Exercises 1. Write essay about your personal opinion for Ford company strategy to improve management functions in the company.

Exercises 2. Write essay about a strong points of this strategy.

 

Exercises 3. Work out your own plan for improving management skills and style in the company you work for (writing task).

a) Elaborate a questionnaire of your own and ask the staff to fill it in.

b) Choose the three best ideas from the questionnaire and add it to your own plan.

c) Develop your own list of recommendations on company current and strategic goals.

Schedule of student’s output № 7

Before reading the text answer the following questions using the active vocabulary.

1. If you invested in a company, and then learned that it had particular activities which you object to, would you take your money out of the company and invest it somewhere else?

2. What sort of activities would you object to?

Ethical Investing Linked to Lifestyle and Image

An ethical investment is one that avoids investments in sectors such as tobacco and arms considered by some to be ethically unsound. There are 30 ethical unit trusts in the UK, worth about £750 million. Some investors also manage their own ethical portfolios. In a study of more than 1,100 ethical investors, economists at the Centre for Economic Psychology at the University of Bath have found that ethical investing correlates with other lifestyle choices. Speaking at the British Association meeting yesterday, Alan Lewis, who led the research, said: ‘Most ethical investors are healthy, educated and caring professional people, middle-aged or older. Hardly any vote for the Conservative.

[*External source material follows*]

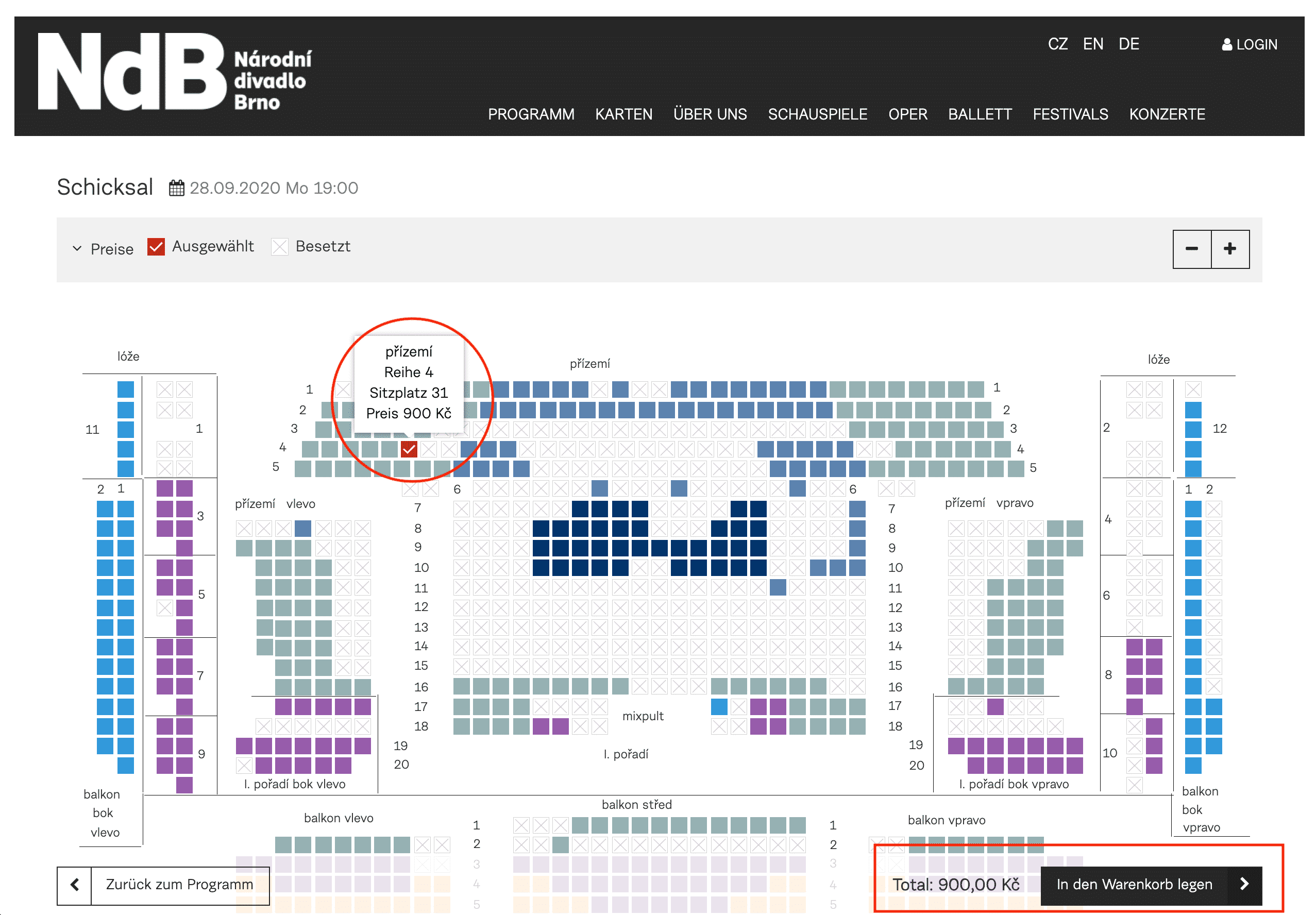 The main organiser of the Janáček Brno Festival is the National Theatre Brno, so the tickets are sold through the theatre in cooperation with the Colosseum Tickets online booking system. After clicking the “Buy Ticket” button, you will be redirected to the National Theatre Brno website (opens in a new window), where you will be shown the available seats in the auditorium, which you will be able to book. Select suitable seats and add them “to the basket” (buy tickets for at least 2 other shows at the same time to get the discount).

The paper they read the most is the Guardian. ’ In addition, 16 per cent of those surveyed said they were members of the Labor party. Many were members of charitable organizations such as Amnesty International and Oxfam, a third-world aid charity. There is no obvious gender bias. ‘It appears that this is part of a lifestyle package,’ said Dr Lewis.

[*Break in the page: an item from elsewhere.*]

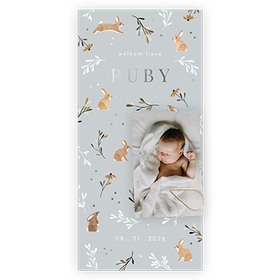 Label geboortekaartje met konijntjes, een los fotootje en zilverfolie

As ethical investments frequently underperform other portfolios, most ethical investors seem to be prepared to take a loss to support their moral beliefs. Some 80 per cent would be prepared to take a 2 per cent loss in income per year compared with an ordinary portfolio if their overall return was 8 per cent.

Everything, though, has its price. Some 40 per cent of those surveyed said they would reduce their ethical investments if they were underperforming ordinary investments by 5 per cent. The size of an investor’s portfolio seems to have no influence on this decision.

 

Exercise 1. The first sentence of the article means that ethical investors avoid companies that produce:

a) arms of any kind,

b) certain types of arms.

 

Exercise 2. Which of these statements about typical ethical investors in the UK are true and which false? Correct the false ones.

a) They all vote Labour.

b) They are young and working class.

c) They often read The Times.

d) They are likely to support Amnesty International.

e) There are far more women than men.

 

Exercise 3. ‘… ethical investments frequently underperform other portfolios’ means that in relation to ordinary investments they are:

a) more profitable

b) just as profitable

c) less profitable

 

Exercise 4. Expand on the following subjects.

a) At what point would ethical investors change their investments if they performed much less well?

b) If they have a lot of money invested, is this figure different?